Why is it every time you talk to one of the 4 brown-haired quadruplets for a side-quest their mouths just flap open and closed like a confused fish? We’ve come to the point where basically every character is voiced, and we get a nice close shot of them talking. So, why do their mouths look like they’re speaking Japanese but have been dubbed over in English? I’ve seen the behind the scenes footage of games with facial capture. We have GIFs of Call of Duty dog’s mouth. We know it can be done. I think we deserve better than another generation of Oblivion levels of face details on NPCs.
Actual Working Mirrors
This one actually looks very promising. Thanks to the big push for ray-tracing that seems to be going on, we may finally get to experience a game where all the mirrors haven’t been smashed to pieces. Finally, we can explore realistic bathrooms in our games! We will be free of the kind of terrible ways developers have tried to avoid it. Smashed, or outright removed, mirrors were super common. Some tried to pass off big murky textures as mirrors. Few other brave souls even tried to trick us with mirrors that were just flat textures meant to look like a reflection of the room.
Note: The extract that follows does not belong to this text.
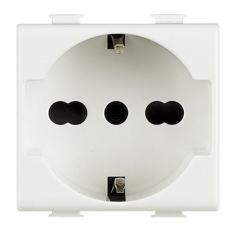 BTICINO MATIX PRESA BOSCH 2P+T 16A - 250 VA.C INTERASSE 19mmE 26mm , IN CONFIGURAZIONE BIPASSO , ALVEOLI PROTETTI , CONTATTI LATERALI DI TERRA PER SPINE STANDARD TEDESCO ; ADATTA PER SPINE STANDARD ITALIA 2P E 2P +T 10A E 16A , SPINE STANDARD TEDESCO 2P+T 16A

Until now, Hitman was probably the king of mirrors this generation. I hope you’ve got some new tricks up your sleeve for Hitman 3 agent 47. Nex-Gen we’re all going to be reflecting.
Show Characters Picking Up and Handing Things
This is one of those “can never unsee” it type things. So, if I’m ruining this for you, good. Now you’ll feel my pain and can join me in fighting for showing characters handing things to each other. If you don’t know what I’m talking about, think back. You just finished a quest and are about to turn in the 12 lizard hairs, or whatever you were asked to get, in to the NPC. What happens? Your character reaches behind their back and moves their arm forward while the camera keeps their hand out of the shot. The NPC reaches forward, hand still out of frame, and then pulls back. It’s like the world’s worst magic trick. Who really believes anything was passed between these two? The same goes for gathering items. In basically every game but Red Dead Redemption 2, picking up an item just means squatting down for a second. Maybe there’s a canned animation of them scrambling their hands around if you’re lucky. The day I see my character actually put a bird tooth in someone’s hand, and they pass me some gold coins back, is the day I can die happy.
Eating and Drinking
It may not seem like it, but we eat and drink a lot in video games. Or, we are told we are eating and drinking a lot, anyway. We’re basically never shown it, though. Just think of health potions, or having fruit and meat to heal. Games even have you carrying around entire meals! Think about Monster Hunter: World and Final Fantasy XV. The food in those games looks better than anything I could afford with a week’s pay. Why then can we never see them actually enjoying these masterfully created dishes? At best we see them hold it up to their mouth while their head bobs around as though eating is a full-body activity and a single chunk is taken out of the food. At worst it’s just a menu option with no animation at all. If developers are going to tease us with food the likes of which no mortal man will ever witness, the least they can do is let us see it actually be eaten.
Those are just a few of the features I think deserve to be talked about for next-gen. I’m sure a ton of you out there have your own list that you want to see, so share some more ideas below. Maybe, together, we can make it known that these minor things matter to us way more than they should.